Department of Hematology & Oncology, School of Medicine, Pontificia Universidad Católica de Chile, Diagonal Paraguay 362, 6th floor, Santiago, Chile.
Department of Internal Medicine, School of Medicine, Pontificia Universidad Católica de Chile, Santiago, Chile.
Horm Cancer. 2019 Feb;10(1):3-10. doi: 10.1007/s12672-018-0354-5. Epub 2018 Nov 22.
Neuroendocrine tumors (NETs) are relatively rare and highly heterogeneous neoplasms. Despite this, recent studies from North America and Central Europe have suggested an increase in incidence. In Latin America, NET data are scarce and scattered with only a few studies reporting registries. Our goal was to establish a NET registry in Chile. Here, we report the establishment and our first 166 NET patients. We observed a slight preponderance of males, a median age at diagnosis of 53 years and a median overall survival of 110 months. As anticipated, most tumors were gastroenteropancreatic (GEP). Survival analyses demonstrated that non-GEP or stage IV tumors presented significantly lower overall survival (OS). Similarly, patients with surgery classified as R0 had better OS compared to R1, R2, or no surgery. Furthermore, patients with elevated chromogranin A (CgA) or high Ki67 showed a trend to poorer OS; however, these differences did not reach statistical significance (log-rank test p = 0.07). To the best of our knowledge, this is the first report of a NET registry in Chile. Median OS in our registry (110 months) is in line with other registries from Argentina and Spain. Other variables including age at diagnosis and gender were similar to previous studies; however, our data indicate a high proportion of small-bowel NETs compared to other cohorts, reflecting the need for NET regional registries. Indeed, these registries may explain regional discrepancies in incidence and distribution, adding to our knowledge on this seemingly rare, highly heterogeneous disease.

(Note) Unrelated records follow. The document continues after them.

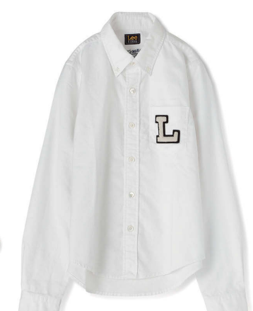
FORDMILLS × LEE ¥18,000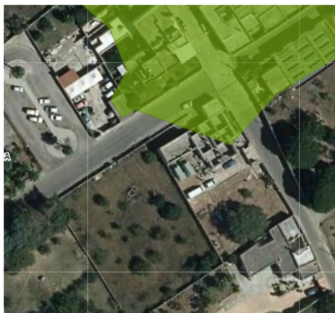
AREA DI INTERVENTO SU STRALCIO DEL P.P.T.R. PUGLIA - f.s. - aggiornato al 2020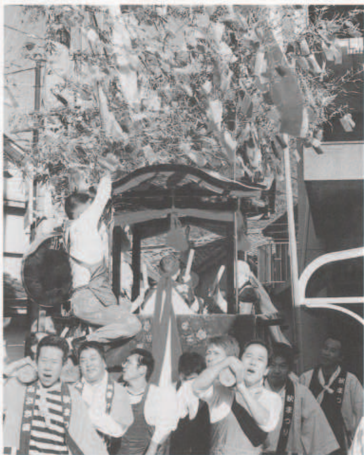
三崎商店街を練り歩く四ツ太鼓

の見上げるような櫓。その櫓と変わらぬ巨大な牛鬼を立て掛け、かつぎ上げ、四ツ太鼓との鉢合わせに望む。 数年来、西組・源氏方の四ツ太鼓に敗れることが多く、捲土重来を期しての巨大化か。 唐獅子、五ツ鹿、相撲甚句、浦安の舞が披露された中入り後の最後の一戦。垂直近くを立て掛け、四ツ太鼓に乗り合わせた稚児が恐怖に大きく揺らぐも、必死に「センシユガラクダイ」(※千秋楽だよ、めでたい。の意か)と声を張り上げ、太鼓を打ち鳴らす。見事に東組・平氏方の牛鬼が勝ちを収めた。取り囲む群衆から沸き上がる拍手喝采の嵐に東方の若者たちの真っ赤な顔がくしゃくしゃになる。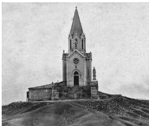
Santuari de Puig-agut (1907).

El 1852 es funda l'Arxiconfraria de les “Filles de Maria” a la vila de Manlleu. Aquesta entitat religiosa agombolava les noies no casades i estava enfocada a viure la vida cristiana sota la protecció i model de la Verge Maria. El seu estendard era blanc i blau. («Hoja Dominical» núm. 1174)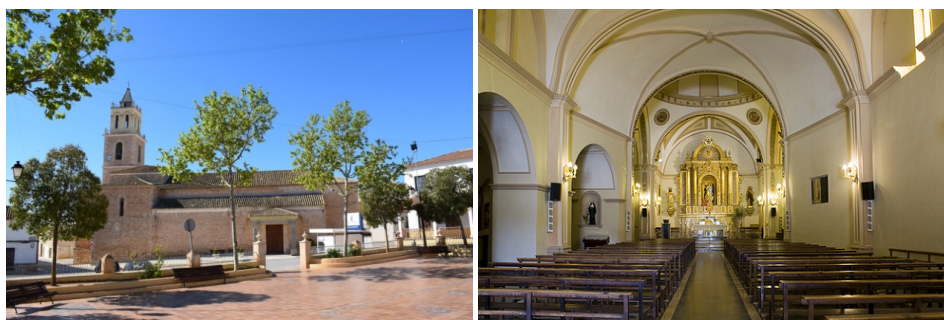
Iglesia de la Purísima Concepción de Barrax.

La dependencia de la iglesia de Barrax de la matriz de Lezuza, como es natural, no satisfacía a los vecinos de aquélla, y en el año 1774, el concejo de Barrax otorga un poder a Alonso Rodríguez de Bobada para iniciar los trámites de la segregación. Envían un primer escrito al arzobispado de Toledo en el que argumentan diversas razones para ello: que ambas villas distan entre sí tres leguas “ de camino muy áspero y fragoso y de frecuentes y abundantes nieves y lluvias ”; que el teniente de cura que regentaba la parroquial de Barrax no era “ persona de carrera que tenga la instrucciónn necesaria para ejercer la cura de almas ”; y por supuesto también aluden “ a la extrema necesidad que padece la iglesia en reparos, ornamentos, alhajas y demás adornos, (...) está caída por el coro, (...) el órgano está inservible y la torre sin campanas de provecho, pues una que había buena se ha quebrado ” (Jaén, 2011, pp. 50-51). Terminan pidiendo que sea iglesia independiente y que se ponga un cura propio.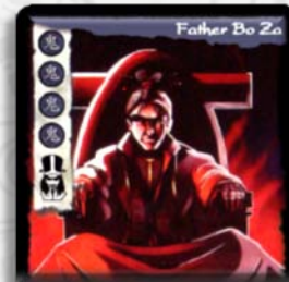
Neue Inkarnation: Father Bo Za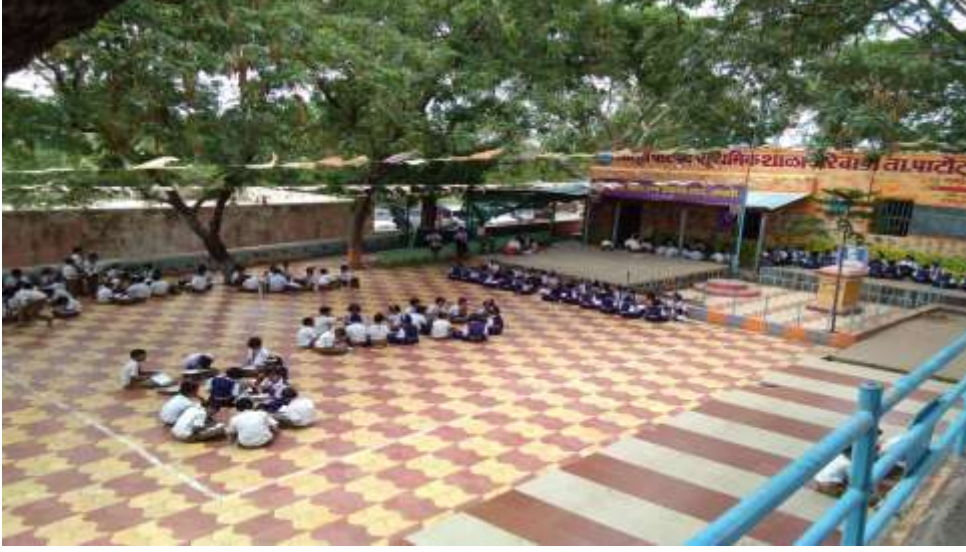
जिल्हा परिषद प्राथमिक शाळा जरेवाडीची विस्तीर्ण मैदान असलेली इमारत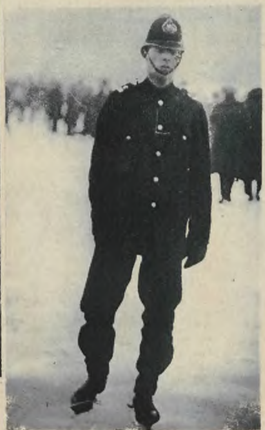
Na prawo: Policjant pełniący służbę na łyżwach i pilnujący porządku na ślizgawce w Londynie.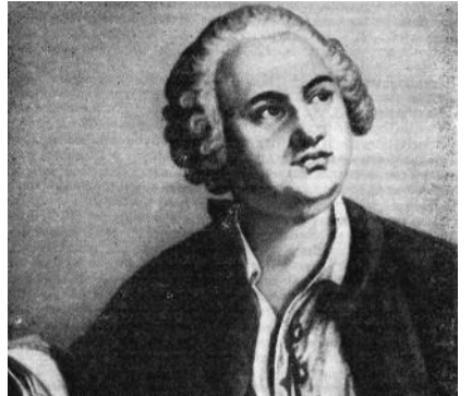
● НА ФОТО: МИХАИЛ ЛОМОНОСОВ

Ломоносов был одним из основоположников силлабо-тонического стихосложе-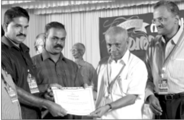
ജില്ലാ പഞ്ചായത്ത് : രണ്ടാം സ്ഥാനം - ആലപ്പുഴ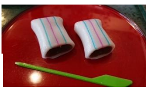
【糸切餅】 蒙古襲来に云われを持つ多賀名物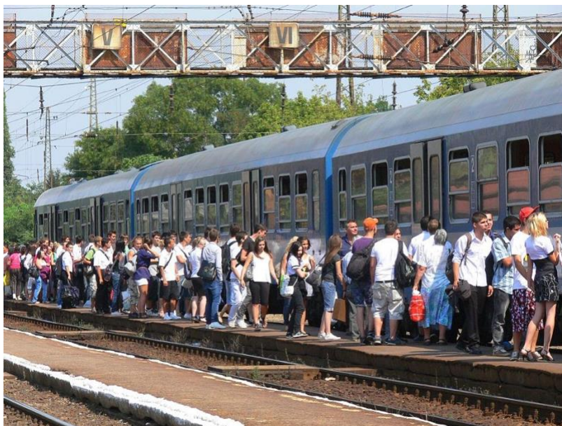
Tömeg a Rákospalota-Újpest állomáson.

Az előzetes adatok szerint az utóbbi évtizedben felgyorsult a népességfogyás 1980-as években elindult, a korábbi cikkünkben elemzett trendje . 2001 és 11 között bő negyedmillióval, a tízes években 330 ezerrel lettünk kevesebben.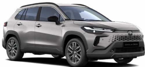
1K0 Higanyezüst 270 000 Ft Elérhető a Comfort, Style és Executive felszereltségeknél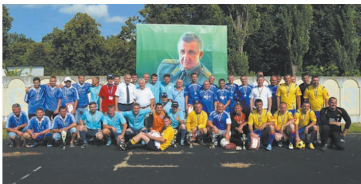
Колективне фото учасників футбольного турніру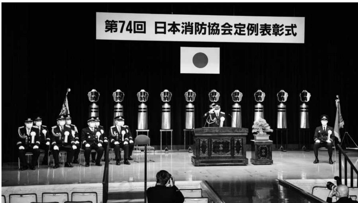
第74回日本消防協会定例表彰式

令和四年三月四日、ニッショーホール（東京都港区東新橋）において、第七四回日本消防協会定例表彰式が挙行されました。 新型コロナウイルス感染症の影響により、大幅に規模を縮小し、代表受領等関係者のみで行われました。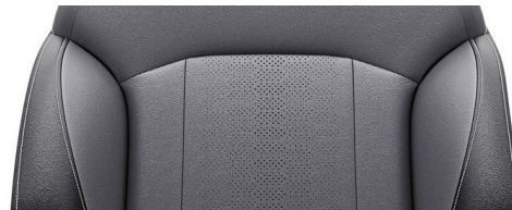
Ledersitze* grau/schwarz Kontrastnähte silber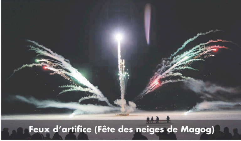
Feux d'artifice (Fête des neiges de Magog)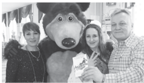
На снимке: настроение на участке – отличное!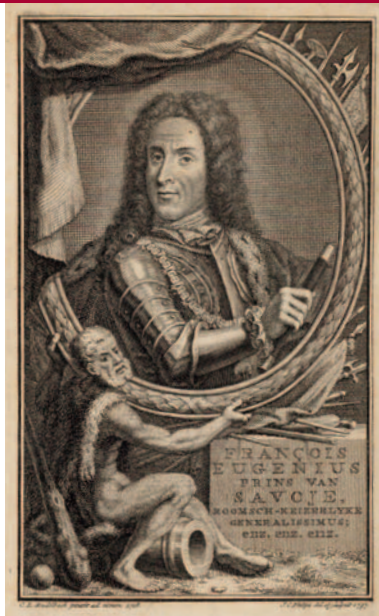
Eugenius van Savoye, aanvoerder van het leger van de Duitse keizer. Gravure uit 1737.

De Nederlandse aanval gaat deels door het bos van Lanière maar grotendeels over open terrein. Al vlug barst er een moorddadig artillerie- en musketvuur los. Bij de eerste Franse salvo's worden rijen infanteristen neergemaaid. In het eerste halfuur strijd vallen zo'n 5.000 Staatse soldaten. Toch wordt een deel van de Franse stellingen ingenomen. Maar, verzwakt door de vele verliezen, gaat de terreinwinst na een tegenaanval verloren. Persoonlijk leidt Johan Willem Friso een nieuwe aanval, maar ook die loopt op niets uit. Marlborough is de hele tijd op de rechtervleugel. Als hij van de zware verliezen hoort, haast hij zich naar de andere kant en laat een derde Staatse aanval af.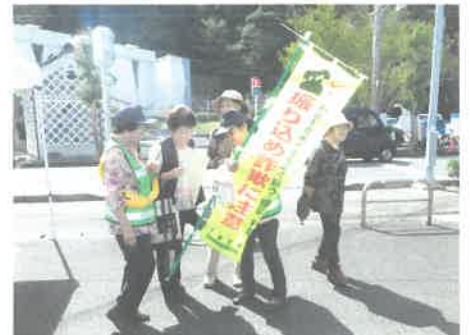
9/22 松崎町の長八まつり会場にて詐欺防止キャンペーンを実施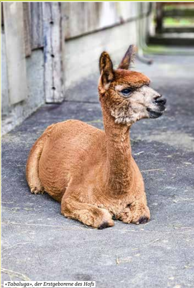
«Tabaluga», der Erstgeborene des Hof's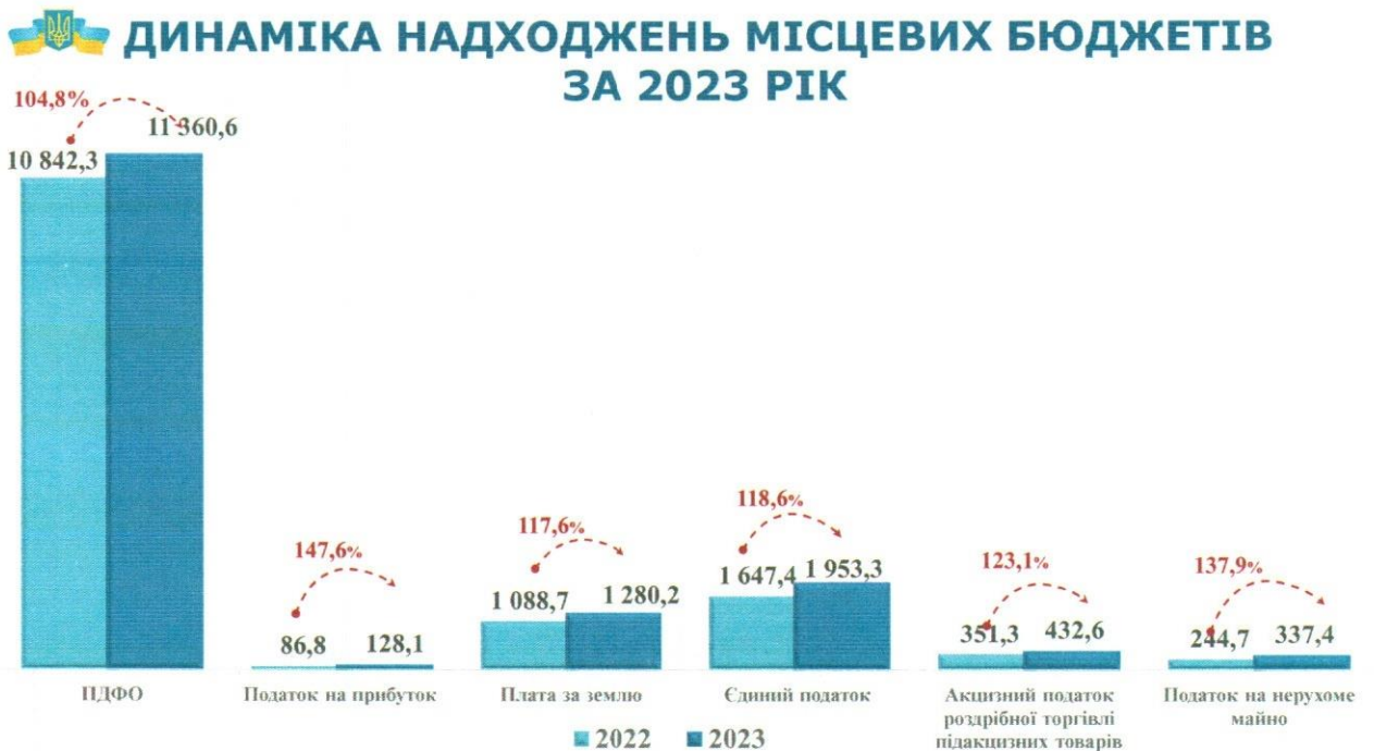
Графік 3. Надходження платежів до місцевих бюджетів (млн грн)

Надходження податку на доходи фізичних осіб (далі – ПДФО) до місцевих бюджетів у 2023 році склали 11360,6 млн гривень. Приріст надходжень до 2022 року становив 4,8 відс. (+518,3 млн грн), виконання помісячного бюджетного розпису органів місцевого самоврядування забезпечено на 103,1 відс. (+344,9 млн гривень).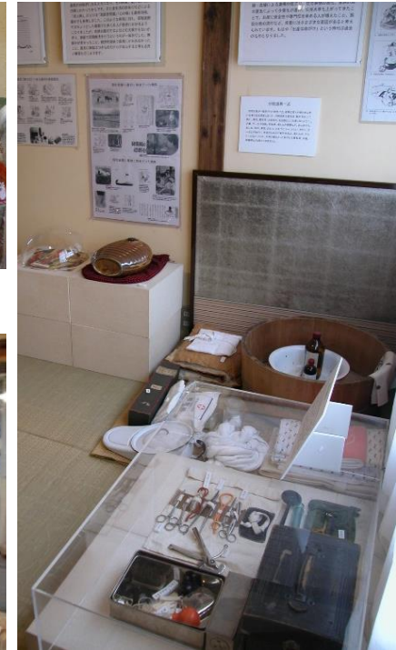
第8回家で病気を治した一家庭看護の時代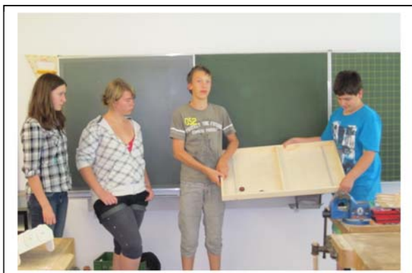
Nach Beendigung der Arbeit wurde das Produkt den anderen Gruppen vorgestellt.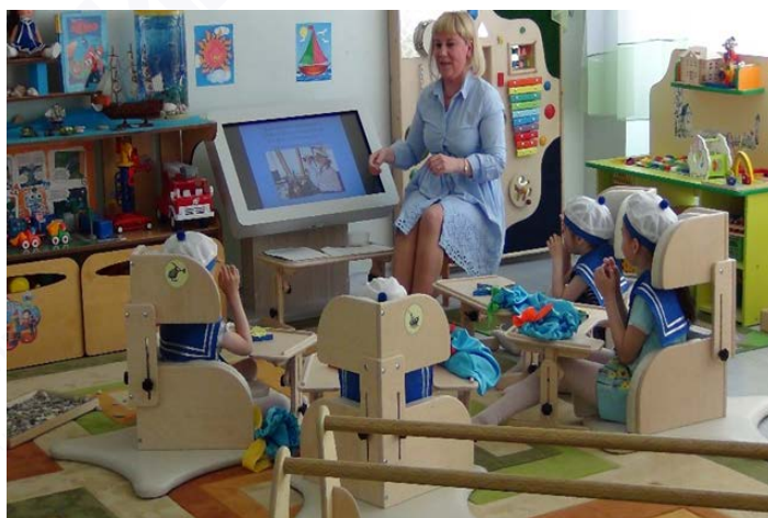
Рис. 1. Коррекционно-развивающая работа педагога-психолога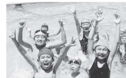
学校プールに響く歓声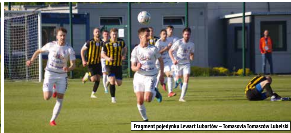
Fragment pojedynku Lewart Lubartów – Tomasovia Tomaszów Lubelski

Jak już informowaliśmy w niedzielę 25 czerwca już po raz dwudziesty dziewiąty odbędzie się Święto Roweru. Jest to impreza z bogatą tradycją, promująca aktywne spędzanie wolnego czasu i przyciągająca liczną grupę uczestników. Jak co roku organizatorzy przewidują liczne atrakcje. Będzie można wylosować wysokiej klasy rowery, każdy uczestnik otrzyma pamiątkowe – koszulkę i dyplom, poczęstowany zostanie pyszną grochówką. Redakcja „Lubartowiaka” jako pierwsza wśród mediów została patronem medialnym XXIX Święta Roweru.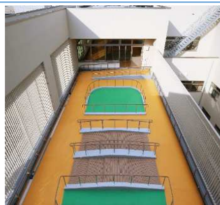
屋外リハビリテーション施設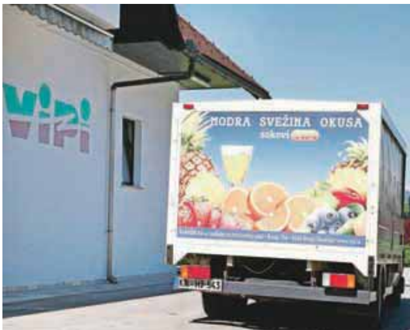
Vipi je znan zaradi prodaje ustekleničenih pijač na domu.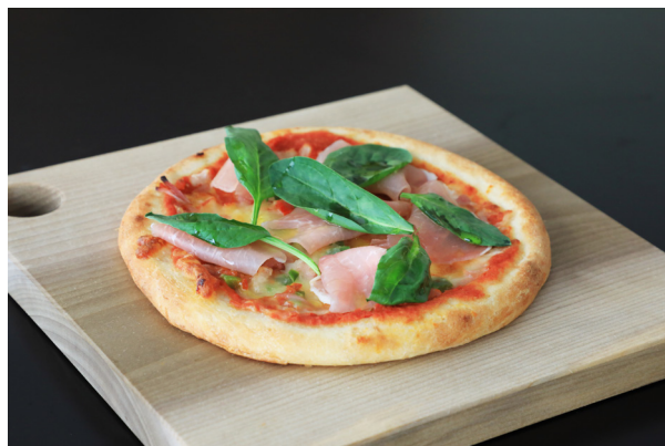
◆ ミックスピザ ¥2,400 Combination Pizza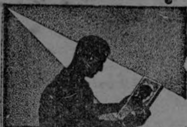
FOTOGRAFADO DE LA TRIBUNA EL MEJOR DE CENTRO AMERICA

con seguridad, fuerza y potencia tan bien como lo hace su hermano, quizás la mejor pierna del actual campeonato.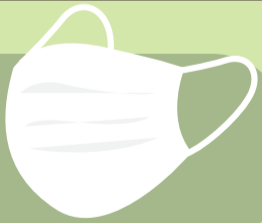
หน้ากากผ้า

ควรใส่อุปกรณ์ป้องกัน ขณะปฏิบัติงาน โดยเฉพาะ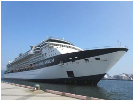
「セレブリティ・ミレニアム」入港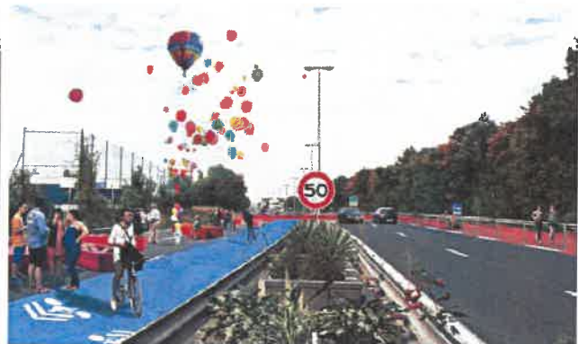
RD 199 requalifiée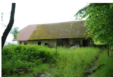
Vue d'ensemble de la façade latérale droite, partie amont avec la grange et l'étable.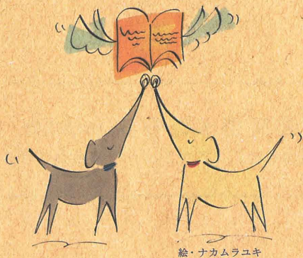
絵・ナカムラユキ

神经内分泌肿瘤(NETs)是相对罕见且高度异质性的肿瘤。尽管如此,来自北美和中欧的最近研究表明发病率有所增加。在拉丁美洲,NET 数据稀缺且分散,只有少数研究报告了登记处。我们的目标是在智利建立一个 NET 登记处。在这里,我们报告了该登记处的建立情况以及我们的前 166 名 NET 患者。我们观察到男性略占优势,诊断时的中位年龄为 53 岁,中位总生存期为 110 个月。正如预期的那样,大多数肿瘤是胃肠胰神经内分泌肿瘤(GEP)。生存分析表明,非 GEP 或 IV 期肿瘤的总体生存率(OS)显著降低。同样,手术分类为 R0 的患者的 OS 明显优于 R1、R2 或无手术的患者。此外,CgA 升高或 Ki67 高的患者 OS 较差的趋势;然而,这些差异没有达到统计学意义(对数秩检验 p=0.07)。据我们所知,这是智利首个 NET 登记处的报告。我们的登记处的中位 OS(110 个月)与来自阿根廷和西班牙的其他登记处一致。其他变量,包括诊断时的年龄和性别,与以前的研究相似;然而,我们的数据表明,与其他队列相比,我们的小肠 NET 比例较高,这反映了需要建立 NET 区域登记处。事实上,这些登记处可能会解释发病率和分布的区域差异,增加我们对这种看似罕见、高度异质性疾病的认识。